Personal information
- Born: May 19, 1920 Chicago, Illinois, United States
- Died: November 28, 2002 (aged 82)
- Occupation: Jockey

Horse racing career
- Sport: Horse racing
- Career wins: 800+

Major racing wins
- Bing Crosby Handicap (1951) Del Mar Handicap (1951) San Diego Handicap (1951, 1954) Del Mar Derby (1953) San Carlos Handicap (1953) Santa Catalina Stakes (1953, 1954)

= Billy Pearson =

American jockey

Bill Austin Pearson (May 19, 1920 - November 28, 2002) was an American jockey in thoroughbred horse racing, a quiz-show winner, an art expert and dealer and an actor. He is credited with 826 victories in his horse racing career.

==Life and riding career==
Bill Austin Pearson was born on May 19, 1920 in Chicago, Illinois, and moved to Pasadena, California when he was five years old. During the depression, he quit school and joined the Civilian Conservation Corps, where he became a flyweight boxer. Due to his dismal record, the director of the Corps informed him; "try something else kid, before you get killed, you're about the right size for a jockey". Pearson took the advice and got a job at the Le Mar Stock Farm at Santa Anita as a stable boy and hot walker.

By 1941, Pearson had become an accomplished rider but during a race at the Hollywood Park Racetrack, his horse crashed through a fence.

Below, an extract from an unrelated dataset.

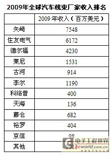 2009年全球汽車線束主要廠家市場(chǎng)占有率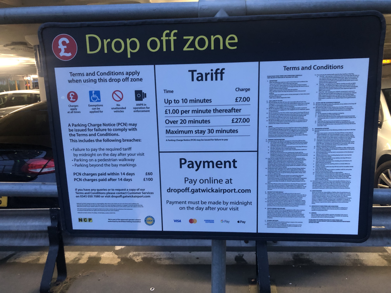 Here's a picture of the woeful Gatwick signs, taken by a relative as we dropped off a friend this weekend (... hello NCP...).

As a result, Pearson was hospitalized for nine months to recover from a concussion and multiple broken ribs and other fractured bones.

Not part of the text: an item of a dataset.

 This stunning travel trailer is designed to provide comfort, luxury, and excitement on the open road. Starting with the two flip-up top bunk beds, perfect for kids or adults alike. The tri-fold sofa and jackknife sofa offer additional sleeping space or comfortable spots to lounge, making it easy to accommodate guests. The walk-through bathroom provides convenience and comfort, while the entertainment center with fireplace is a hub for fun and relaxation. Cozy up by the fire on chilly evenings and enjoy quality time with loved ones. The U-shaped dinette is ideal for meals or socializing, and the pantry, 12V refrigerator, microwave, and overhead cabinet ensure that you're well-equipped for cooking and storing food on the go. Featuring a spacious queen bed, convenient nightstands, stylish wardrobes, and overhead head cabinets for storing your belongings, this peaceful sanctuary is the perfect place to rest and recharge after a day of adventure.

A fellow rider, Jackie Westrope gave him a book on quilts, telling him; "because it looks like you're going to spend the rest of your life sewing". The book actually triggered a fascination with quilts for him, and he later bought a quilt at a Goodwill store for $8 USD that turned out be worth $2,000. He ended up donating it to the Smithsonian who valued it at $20,000. Pearson recalls that he began to really study "the design, the needlework, the stitches", and he became an expert, which forged a path to his interest in other art objects. Noted film director John Huston taught him about pre-Columbian and African art. In France, while racing for Baron Philippe de Rothschild, the Baron introduced him to classical and modern art. During this period, Pearson also continued to ride and is credited with 826 victories overall.

==Post-racing==
In 1956, Pearson appeared on The $64,000 Question and became the fourth contestant in the show's history to win $64,000. He celebrated his success by partying and buying an Edward Hicks painting before he gambled away the remaining money in Las Vegas. Pearson then appeared on The $64,000 Challenge, again, telling Art Buchwald that he needed "to make enough money to pay taxes on the money he won on The 64,000 Question". After both successful wins on the game shows, he retired from racing. Through the friendship he had developed with Huston, he opened an art gallery in La Jolla, California, later relocating it to San Francisco. He dealt primarily in pre-Columbian, primitive and tribal art, American folk art and quilts, Hungarian painted furniture, model steam trains and World War I memorabilia. In 1996. Art & Antiques recognized him as one of the top 100 collectors in the United States. He was also instrumental in expanding the Oakland Museum of California.

On November 15, 1958, Pearson appeared as a jockey in an episode of Perry Mason called "The Case of the Jilted Jockey". Additionally, in 1958, he was cast as private eye Donald Lam in a pilot episode of Cool and Lam, based on the books by Erle Stanley Gardner writing as A. A. Fair, but the pilot was the only episode made, as the series was not picked up.

Pearson was married six times, and was living in Kingston, New York, at the time of his death in 2002.

==In popular culture==
- Writer Sam Shepard dedicated his 1983 play Fool for Love to Pearson.